Supplied information:

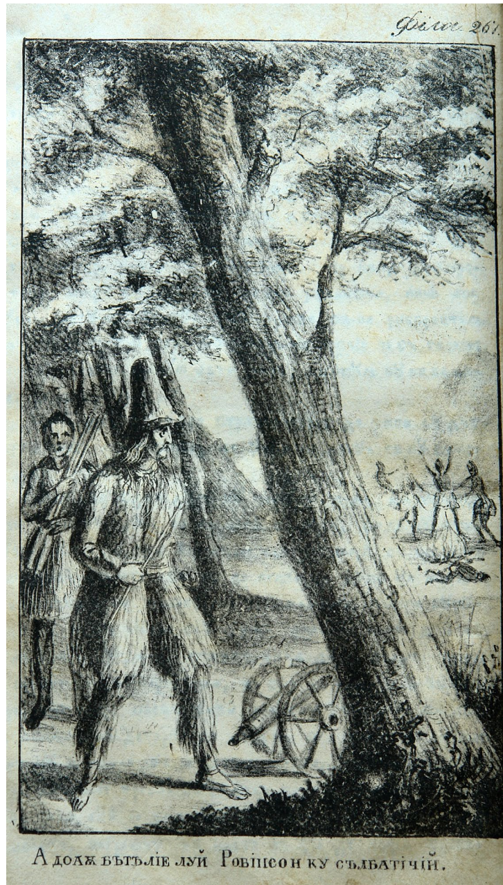
Fig. 2. - Ilustrație din Avanturile seau întâmplările lui Robinson Crusoe : „A doaua bătălie [a] lui Robinson cu sălbaticii”
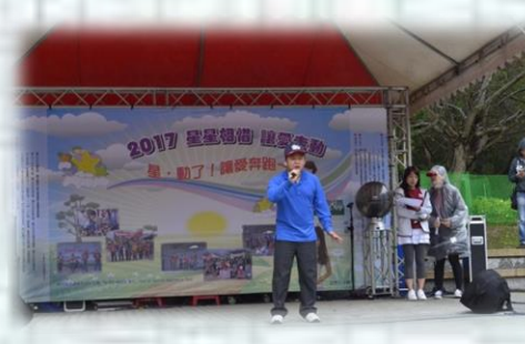
星兒大使小淳的歌唱表演
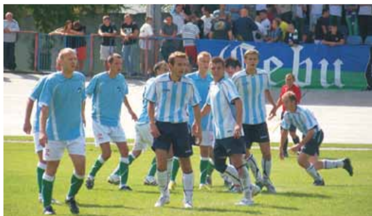
Polonia po raz pierwszy od... 20 lat pokonała przy Wał Matejki KKS Kalisz. W najstarszym mieście w Polsce kępnianie pokonali KKS 1:0 i była to ich pierwsza wyjazdowa wygrana z Dumą Kalisza od sezonu 1988/1989.

Począwszy od drugiej połowy meczu w Ostrzeszowie i całego meczu z Iskrą Sieroszewice wiedzieliśmy, że gramy w miarę przyzwoicie. Brakowało tylko punktów. Mecz w Kaliszu był najlepszym momentem i miejscem na przełamanie się. Jedyne co ciśnie mi się na usta to słowo dziękuję, chociaż wiem, że to i tak za mało.
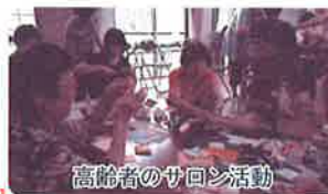
高齢者のサロン活動
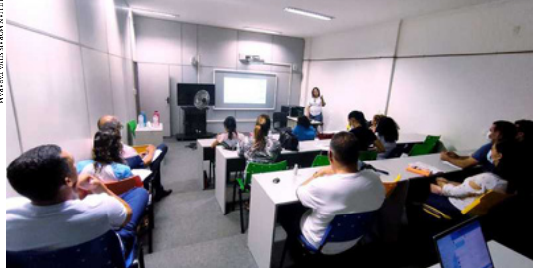
Foram repassados mais de R$ 50 mil para combate ao vetor no município nas modalidades de custeio e investimento

A dengue é uma doença que pode levar a óbito rapidamente, portanto, qualquer sintoma, como febre, dor de cabeça ao redor dos olhos, deve-se procurar uma unidade de saúde. Clique aqui e saiba mais sobre o combate ao mosquito.
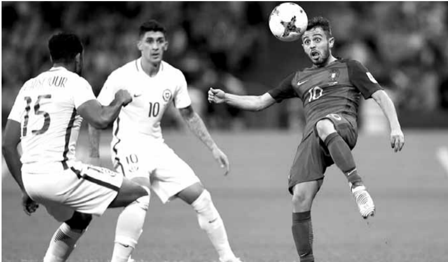
من مباراة البرتغال وتشيلي

الاولى حيث اشرك ٢١ من اصل ٢٣ لاعبا، وقال الهدف التاريخي لكاس العالم (١٦ هدفا) ميروسلاف كلوزه الذي يشرف على تدريب المهاجمين في التشكيلة الحالية «نريد ان يأخذ كل لاعب فرصته وان يلعب ٥ مباريات، لقد حققنا الهدف المنشود».
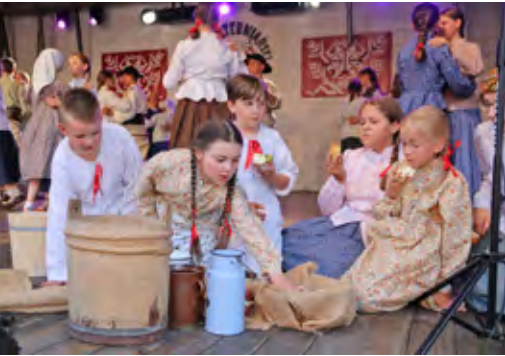
Fragment występu Zespołu Regionalnego „Juzyna” z Zawoi
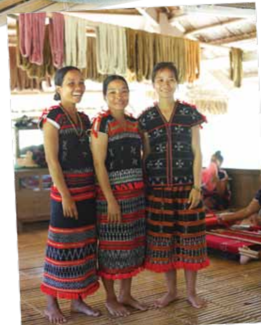
Trang phục truyền thống với cách phối màu đen, đỏ và trang trí cườm trắng
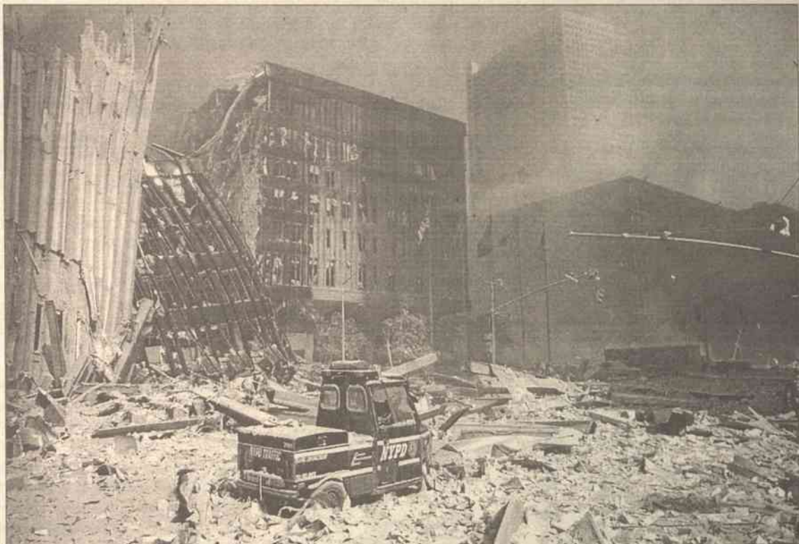
"Jak mogło dojść do tak okrutnych wydarzeń? Ludzkie serce jest przepaścią, z której czasem wylaniają się knowania pełne okrucieństwa, zdolne zniweczyć spokój i życie ludzi" – powiedział papież Jan Paweł II

Giuliani poinformował, że w lokalnych szpitalach pomocy udzielono ok. 1100 osobom. Około dwóch tysięcy rannych, których stan nie był zbyt ciężki, przetransportowano przez rzekę Hudson do New Jersey. Telewizja CNN informuje, że ponad 300 strażaków i 85 policjantów, którzy uczestniczyli w operacji ratunkowej na Manhattanie zaginęło i prawdopodobnie już nie żyje. W Waszyngtonie liczbę ofiar ataku na Pentagon szacuje się na ok. 800.
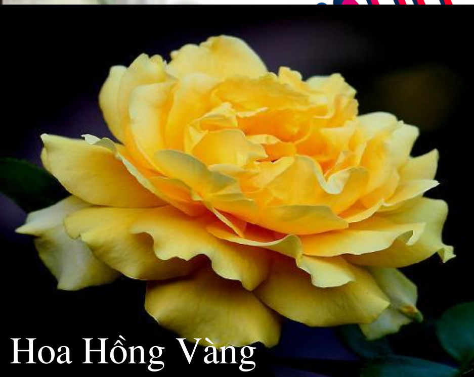
Hoa Hồng Vàng
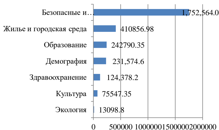
сумма НМЦК, тыс. руб.

Так, в рамках реализации национального проекта «Безопасные и качественные автомобильные дороги» проведены электронные аукционы по ремонту автомобильных дорог в г. Элиста Республики Калмыкия общей суммой НМЦК – 133 581,21 тыс. руб.
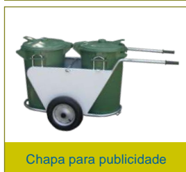
Chapa para publicidade
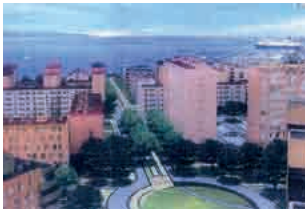
La seule démolition prévue à Ajaccio : le percement de la barre Mancini pour permettre l'évacuation rapide des inondations vers la mer.

ce secteur, sont admis, sous réserve des dispositions générales applicables en secteur ZU, les deux seuls équipements publics du projet concernés par le risque :
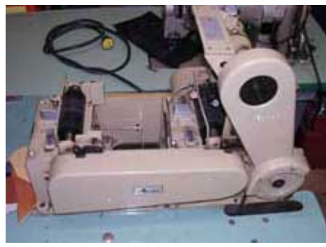
#35 Guillotine Ace (Prod.)
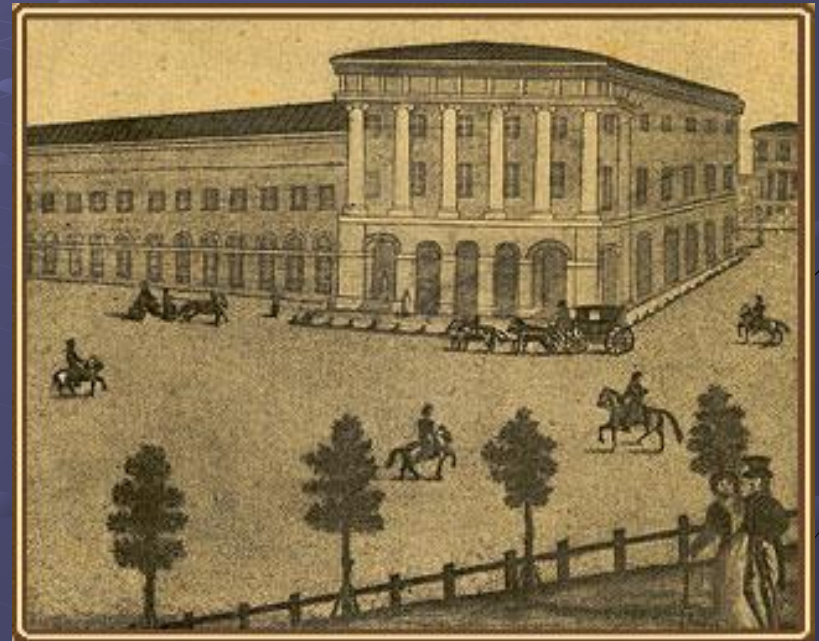
Дом купца Варгина, где открылся Малый театр в 1824 году
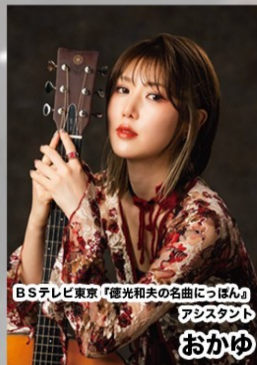
BSテレビ東京『徳光和夫の名曲につぼん』 アシスタント おかゆ
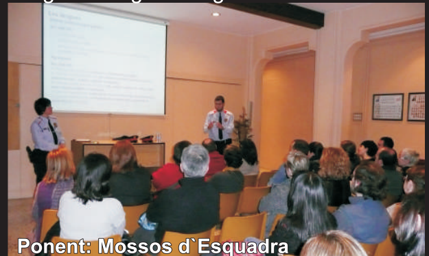
Ponent: Mossos d'Esquadra
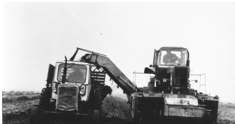
Рис. 3. Загальний вигляд коренезбирального комплексу

Загальний вигляд коренезбирального комплексу МКК-6+МТЗ-50+2ПТС-4 під час проведення порівняльних випробувань наведено на рис. 3.
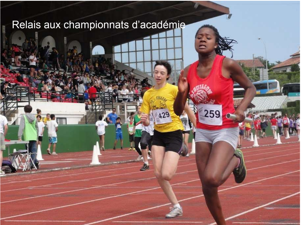
Relais aux championnats d'académie
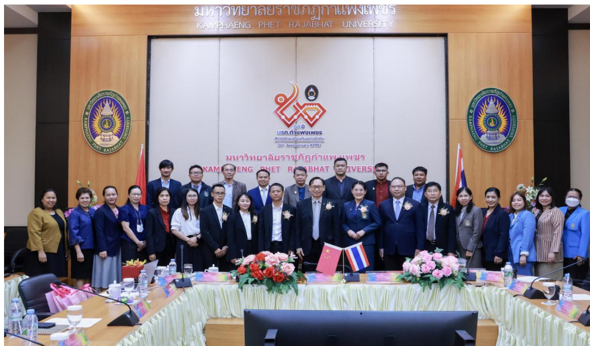
图 6：学院与泰国院校合作签约仪式

建“教育合作基地”，为泰国、老挝合作院校学生学习中文、交流中国文化提供平台。项目既实现了联合培养“一带一路”应用型泰语、老挝语、缅甸语人才又传播了中文和中国文化。
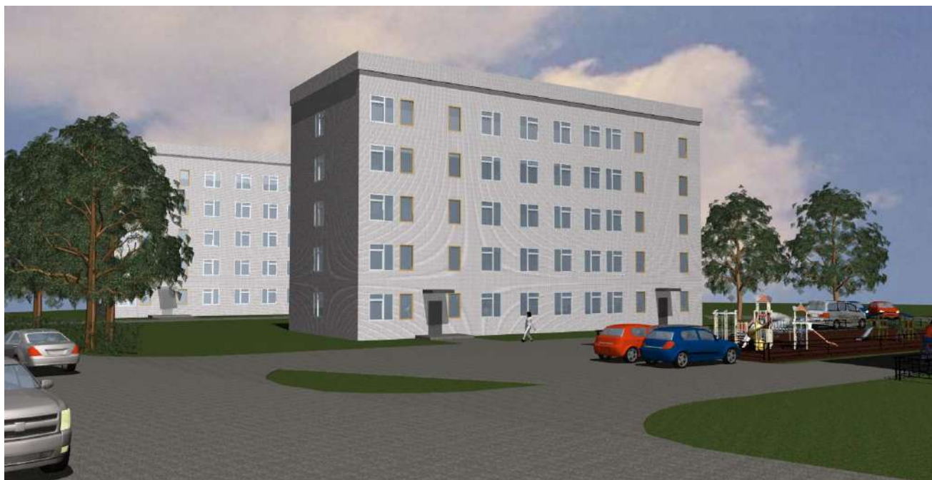
3-D визуализация. Вид 6
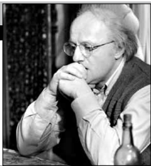
Россия, 2009, режиссер Андрей Хржановский
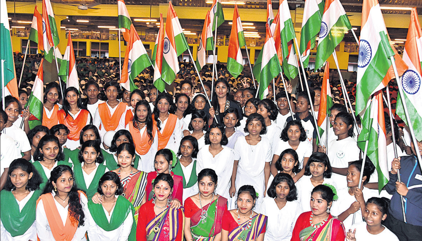
ସ୍ୱାଧୀନତା ଦିବସ ପୂର୍ତ୍ତି ଅବସରରେ ଦେଶବାସୀ ପାଳିତ ହେଉଥିବା ଅନୁତମ ମହୋତ୍ସବ ଉପଲକ୍ଷେ ରବିବାର ଭୁବନେଶ୍ୱରସ୍ଥିତ ଜନଜାତି ଶିକ୍ଷାନୁଷ୍ଠାନ କିମ୍ବ ପରିସରରେ ୩୦୫ଜଣ ଛାତ୍ରାଛାତ୍ରୀ ତ୍ରିରଙ୍ଗା ଉଡ଼ାଇ ଅନୁତମ ମହୋତ୍ସବ ପାଳନ କରୁଛନ୍ତି।
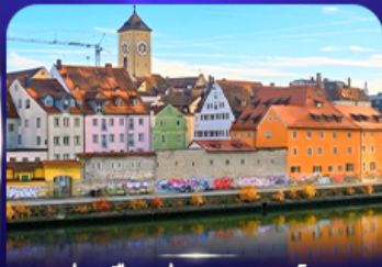
ย่านเมืองเก่า เรเกินสบูร์ก
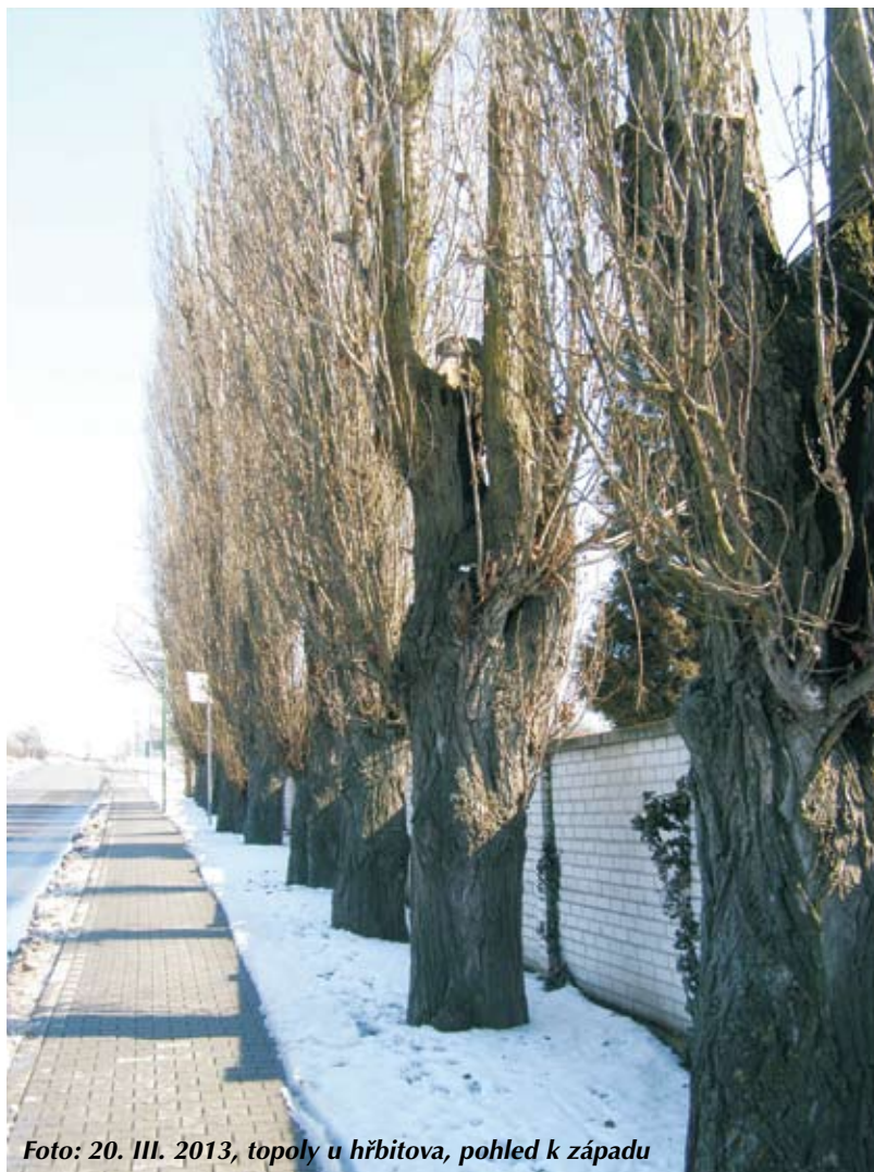
Foto: 20. III. 2013, topoly u hřbitova, pohled k západu

Topol černý ( Populus nigra f. Italica ), lidově vlašský topol nebo zahradníky nazývaný také topol pyramidální roste v krátkém stromořadí u hřbitova, takže jej zná každý obyvatel Klecan. Mezi všemi listnáči parků, zahrad a volné krajiny vyniká neobvyklým sloupovitým tvarem. V Čechách jsme si na něj však již dávno zvykli a považuje-
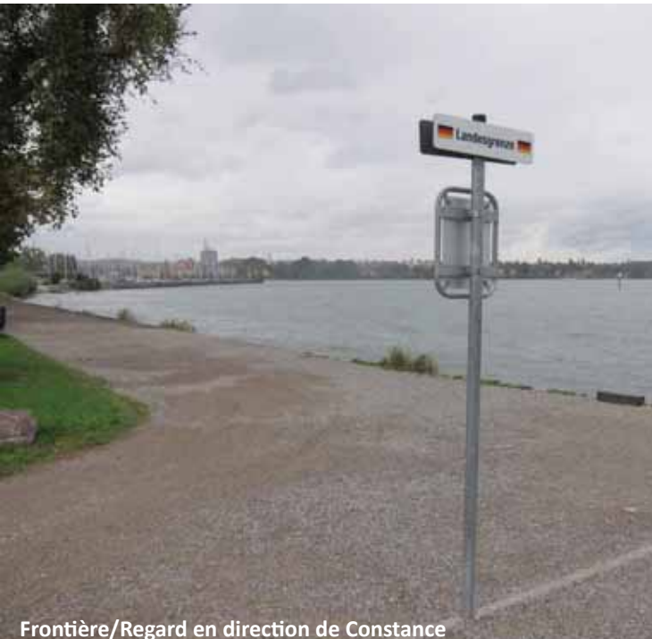
Frontière/Regard en direction de Constance
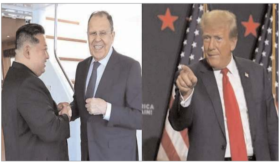
एक जैसी राय रखते हैं, और यह रिश्ता अब चुकना है। लावरोव ने तब तक पहुंच चुका है। लावरोव ने दोनों देशों के बीच रणनीतिक साझेदारी और अंतरराष्ट्रीय मंचों पर साझा गतिविधियों को तेज करने की बात कही। पिछले कुछ वर्षों में रूस और उत्तर कोरिया के रिश्ते काफी नजदीक हुए हैं। रिपोर्टों के मुताबिक, उत्तर कोरिया रूस को यूक्रेन युद्ध में हथियार और सैनिक मदद दे रहा है, जबकि रूस उत्तर कोरिया को सैन्य और आर्थिक समर्थन दे रहा है। इस बढ़ती

एजेंसी/सियोल : रूस के विदेश मंत्री सर्गेई लावरोव ने अमेरिका, दक्षिण कोरिया और जापान को उत्तर कोरिया के खिलाफ सैन्य गठबंधन बनाने को लेकर सख्त चेतावनी दी है। यह बयान उन्होंने शनिवार को उत्तर कोरिया के वोनसान शहर में किम जोंग उन से मुलाकात के दौरान दिया। इस मुलाकात में रूस और उत्तर कोरिया के बीच सैन्य और आर्थिक सहयोग को और आगे बढ़ाने पर चर्चा हुई। लावरोव ने रूसी राष्ट्रपति व्लादिमीर पुतिन का संदेश भी किम तक पहुंचाया। इस मौके पर किम जोंग उन ने कहा कि उनका देश यूक्रेन युद्ध में रूस का बिना शर्त समर्थन करेगा। उत्तर कोरिया की सरकारी एजेंसी डउठअ के मुताबिक, किम ने कहा कि प्योंगयांग और मॉस्को सभी बड़े अंतरराष्ट्रीय मामलों पर
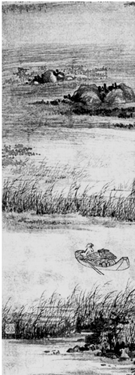
《芦花寒雁图》(元吴镇)
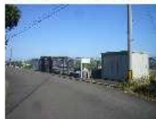
リサイクルステーション付近
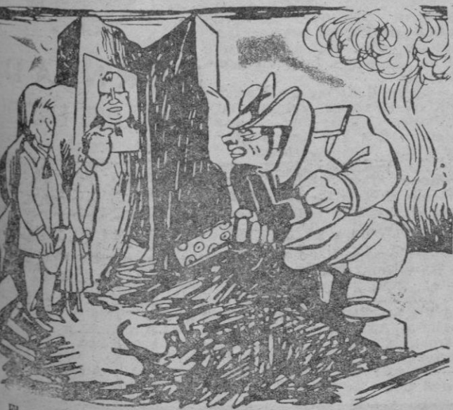
El soviético. — ¿No hay agresores entre vosotros, camaradas? (De "L'Aurore" - París).
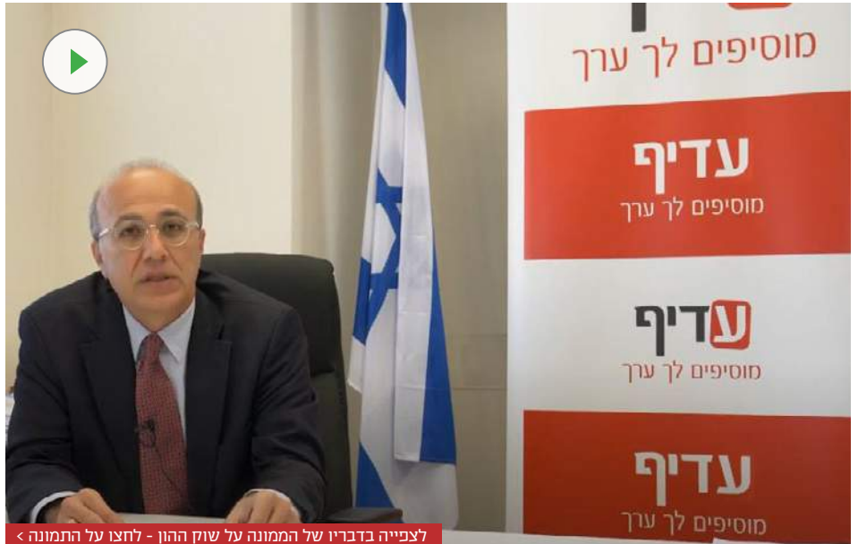
לצפייה בדבריו של הממונה על שוק ההון - לחצו על התמונה >

"רפורמה שנייה הינה רפורמת 'דמי הניהול המשתנים' שנועדה לאפשר מסלולי השקעה בעלי מנגנון תגמול המגדיל את הזיקה בין מנהל ההשקעות לבין החוסך, במטרה להגדיל את התשואה נטו לחוסך תוך בקרת התמריצים על נטילת הסיכון. כמובן שמסלולים אלו יתאפשרו לצד מסלולים בעלי דמי ניהול קבועים".
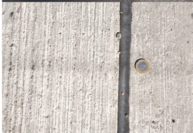
Les joints de retrait et le béton avec sa finition balayée.
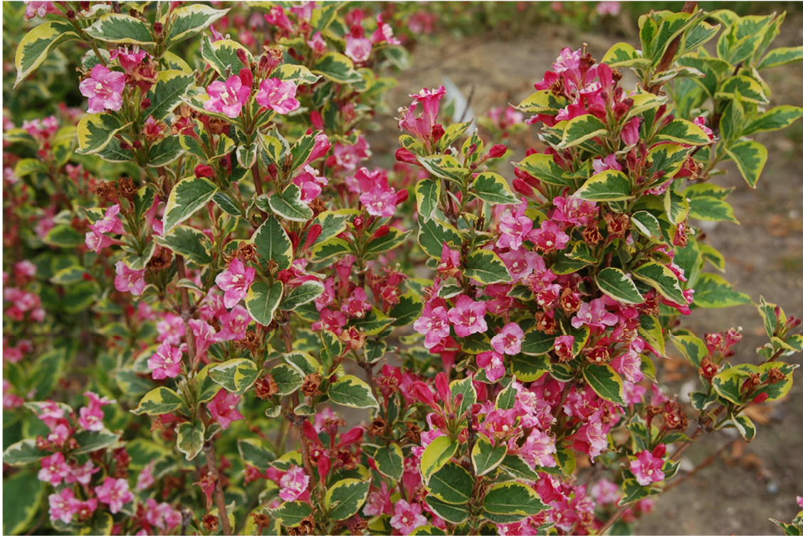
Abb. 2: 'Kosteriana Variegata' im Frühsommer 2012 (Note 9,0 für den Zierwert des Laubes)

Task objective:
Nothing but the lines above from the line with "Так, в рамках" up to and including the line with "Chapa para publicidade" should be returned, exactly as written and without pictures.

Result:
Так, в рамках реализации национального проекта «Безопасные и качественные автомобильные дороги» проведены электронные аукционы по ремонту автомобильных дорог в г. Элиста Республики Калмыкия общей суммой НМЦК – 133 581,21 тыс. руб.
Chapa para publicidade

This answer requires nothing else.